_Work instructions_
Your job is to return every line of the listing holding the string "with".

Segment Start: Provided information

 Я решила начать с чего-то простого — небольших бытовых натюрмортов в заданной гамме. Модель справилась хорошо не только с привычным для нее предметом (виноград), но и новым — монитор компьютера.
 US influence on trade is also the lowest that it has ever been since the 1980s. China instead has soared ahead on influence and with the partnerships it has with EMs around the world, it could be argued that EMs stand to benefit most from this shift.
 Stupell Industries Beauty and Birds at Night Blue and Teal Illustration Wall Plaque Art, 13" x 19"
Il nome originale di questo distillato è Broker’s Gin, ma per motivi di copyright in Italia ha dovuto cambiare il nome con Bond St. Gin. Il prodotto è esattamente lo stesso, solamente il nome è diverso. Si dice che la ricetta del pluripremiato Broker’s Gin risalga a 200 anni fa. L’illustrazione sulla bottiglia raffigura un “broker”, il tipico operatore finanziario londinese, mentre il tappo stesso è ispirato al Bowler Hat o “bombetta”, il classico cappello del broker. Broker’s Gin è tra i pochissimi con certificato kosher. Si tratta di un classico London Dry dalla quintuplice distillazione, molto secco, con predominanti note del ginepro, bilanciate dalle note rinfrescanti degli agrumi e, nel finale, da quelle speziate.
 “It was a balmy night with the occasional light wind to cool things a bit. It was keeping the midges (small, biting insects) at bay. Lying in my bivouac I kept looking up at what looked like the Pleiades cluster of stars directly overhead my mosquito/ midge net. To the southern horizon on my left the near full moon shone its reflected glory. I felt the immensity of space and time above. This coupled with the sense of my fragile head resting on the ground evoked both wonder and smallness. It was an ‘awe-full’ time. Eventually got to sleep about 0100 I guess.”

Segment End: Provided information

_The completed task_
 US influence on trade is also the lowest that it has ever been since the 1980s. China instead has soared ahead on influence and with the partnerships it has with EMs around the world, it could be argued that EMs stand to benefit most from this shift.
 “It was a balmy night with the occasional light wind to cool things a bit. It was keeping the midges (small, biting insects) at bay. Lying in my bivouac I kept looking up at what looked like the Pleiades cluster of stars directly overhead my mosquito/ midge net. To the southern horizon on my left the near full moon shone its reflected glory. I felt the immensity of space and time above. This coupled with the sense of my fragile head resting on the ground evoked both wonder and smallness. It was an ‘awe-full’ time. Eventually got to sleep about 0100 I guess.”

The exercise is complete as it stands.